Why the Standard VaR Number Understates Risk

Every VaR number on every risk dashboard is built around one assumption: returns are Gaussian. They aren’t. The fix has been in textbooks since 1937 and runs in a single line of code; almost no production risk system uses it. The reason is political.

Stylized depiction. Real return distributions carry negative skew and fat tails; the dashed Gaussian cutoff at −1.65σ sits well inside the actual 5% loss tail. At 95% confidence the live correction is usually small. The gap widens sharply at 99% and beyond — which is where regulators and risk managers need an honest number.
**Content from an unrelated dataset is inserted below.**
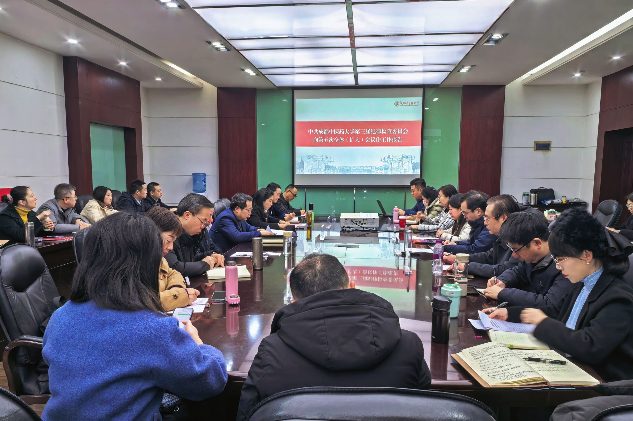 1月7日,中共beat365在线唯一官网第三届纪律检查委员会第五次全体(扩大)会议在温江校区召开。会议由驻校纪检监察组组长、校党委副书记、纪委书记郑学斌主持。驻校纪检监察组副组长、学校纪委副书记、办公室主任张景萍代表中共beat365在线唯一官网第三届纪律检查委员会向第五次全体(扩大)会议作题为《推进正风肃纪常态长效 为学校高质量发展提供坚强保障》的报告,总结学校2025年纪律检查工作,研究部署2026年工作任务。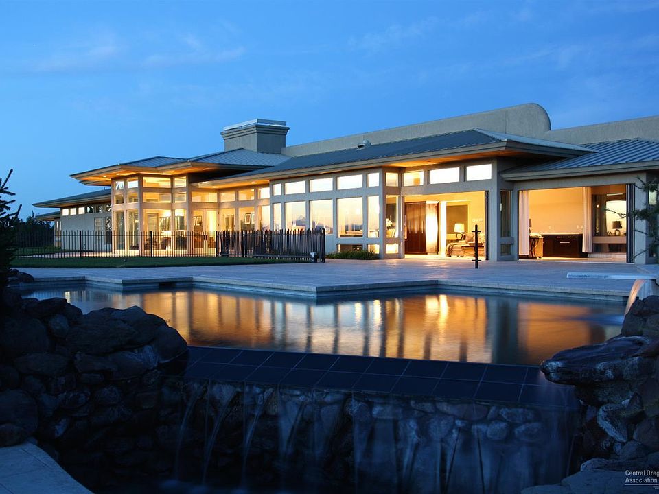 Exquisitely Remodeled Estate with all new, HVAC, Electrical, Pool Systems, & too much to list. 8 minutes from Bend on 25 acres w/long private driveway. One level home is 6804sf with soaring windows & breathtaking views of the Cascades. Formal living/dining room, extraordinary finishes throughout, 5 master suites, theater room, Sonoran Cactus ceiling, heated floors & triple car garage. Outside enjoy the Pebble Tieck pool, 7 water falls, hot tub, outdoor fire pit & a 3700sf+ 400amp fully insulated 6 Car Shop!

Cornish-Fisher loss multiplier across confidence level and kurtosis, with skewness held at S = −0.5. The correction stays modest below 99%. Above it the surface climbs hard: at 99.9% with kurtosis K = 12 or higher, the corrected loss is 3.5 to 6× the Gaussian. Anyone reporting 99.9% VaR off a normal distribution is reading a number that’s roughly an order of magnitude wrong.

The standard calculation

At any bank, asset manager, or quant shop, the calculation is the same one line. Take the portfolio’s trailing-window standard deviation. Multiply by 1.645 for 95% one-day VaR or 2.326 for 99%. The output feeds straight into the position-sizing layer, the margin engine, the risk-committee deck, the regulatory submission. No calibration step, no judgment call, no analyst between input and output.
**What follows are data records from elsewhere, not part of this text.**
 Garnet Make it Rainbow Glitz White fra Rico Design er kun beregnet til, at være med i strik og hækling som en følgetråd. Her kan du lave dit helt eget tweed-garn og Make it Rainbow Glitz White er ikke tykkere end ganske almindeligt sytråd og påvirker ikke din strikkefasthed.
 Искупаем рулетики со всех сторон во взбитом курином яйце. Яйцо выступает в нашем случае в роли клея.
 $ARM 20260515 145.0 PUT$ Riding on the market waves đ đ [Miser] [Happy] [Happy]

It’s fast, blessed by Basel III’s standard internal-models approach, and trivially auditable. It is also structurally wrong: it assumes returns are Gaussian, and they never have been.
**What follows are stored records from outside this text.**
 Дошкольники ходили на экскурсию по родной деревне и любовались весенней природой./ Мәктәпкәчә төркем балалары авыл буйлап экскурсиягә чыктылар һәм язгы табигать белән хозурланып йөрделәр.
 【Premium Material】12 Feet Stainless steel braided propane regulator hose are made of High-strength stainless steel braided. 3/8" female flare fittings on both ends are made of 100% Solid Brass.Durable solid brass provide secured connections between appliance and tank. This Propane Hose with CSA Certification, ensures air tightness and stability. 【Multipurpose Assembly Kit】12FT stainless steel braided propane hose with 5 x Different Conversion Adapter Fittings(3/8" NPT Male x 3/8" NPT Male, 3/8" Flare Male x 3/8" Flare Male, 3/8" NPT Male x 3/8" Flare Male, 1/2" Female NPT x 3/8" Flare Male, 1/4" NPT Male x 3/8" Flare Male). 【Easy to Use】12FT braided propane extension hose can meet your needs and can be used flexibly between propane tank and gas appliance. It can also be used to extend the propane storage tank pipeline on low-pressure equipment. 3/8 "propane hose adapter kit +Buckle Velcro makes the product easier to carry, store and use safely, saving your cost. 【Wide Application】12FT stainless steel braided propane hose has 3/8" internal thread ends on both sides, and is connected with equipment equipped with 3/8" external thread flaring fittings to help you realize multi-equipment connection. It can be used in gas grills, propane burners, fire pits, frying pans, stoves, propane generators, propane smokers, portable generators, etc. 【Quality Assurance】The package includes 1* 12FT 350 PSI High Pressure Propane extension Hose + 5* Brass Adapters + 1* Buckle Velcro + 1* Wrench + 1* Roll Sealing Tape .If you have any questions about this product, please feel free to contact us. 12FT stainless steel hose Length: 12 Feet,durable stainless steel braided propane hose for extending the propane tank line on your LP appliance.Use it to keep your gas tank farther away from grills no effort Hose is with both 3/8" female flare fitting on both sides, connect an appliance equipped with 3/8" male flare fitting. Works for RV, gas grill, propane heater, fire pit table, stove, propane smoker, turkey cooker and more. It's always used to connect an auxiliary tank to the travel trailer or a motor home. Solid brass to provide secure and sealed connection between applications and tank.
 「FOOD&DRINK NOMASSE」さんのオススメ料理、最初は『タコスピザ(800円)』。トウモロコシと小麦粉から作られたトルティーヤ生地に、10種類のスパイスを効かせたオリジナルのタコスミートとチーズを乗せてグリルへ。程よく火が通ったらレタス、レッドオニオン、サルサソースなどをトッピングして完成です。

Two features of any real return distribution get dropped on the floor. Skewness: equity portfolios lose more on the bad days than they make on the good. Excess kurtosis: extreme moves of either sign are more frequent than a normal curve allows. Both push the actual fifth-percentile loss deeper into the tail than the formula will admit.

What the number means

Strip away the dashboards and VaR answers one concrete question: at what loss does the probability of doing worse fall to 5%? Or 1%, or 0.1% — pick the threshold that matches your appetite. Formally:

Definition VaR_α(T) = − inf { x : P(R_T ≤ x) ≥ 1 − α }

R_T is the portfolio return over horizon T, α is the confidence level (0.95 and 0.99 do most of the work in practice), and the minus sign flips the quantile so VaR is reported as a positive loss.

The Gaussian shortcut replaces the unknown distribution of R_T with a normal one matched on mean and variance, then reads the quantile off a standard-normal table: z_0.95 = −1.645, z_0.99 = −2.326.

Gaussian VaR VaR^G_α = − ( μ + σ · z_α )

That is the industry baseline. It is also the source of every bias downstream.

Where the assumption breaks

The Gaussian wants S = 0 and K = 3. Real portfolios aren’t close. SPX daily returns over the past twenty years cluster around S ≈ −0.4 (the left tail is fatter than the right) and K ≈ 9 to 12 (excess kurtosis of 6 to 9 above the Gaussian baseline). Individual stocks are worse. Concentrated portfolios are much worse. Crypto runs kurtosis into the dozens. Anything carrying embedded short-volatility exposure — vol-sellers, dispersion strategies, the rebalancing flow inside leveraged ETFs — combines heavy negative skew with extreme kurtosis at the same time.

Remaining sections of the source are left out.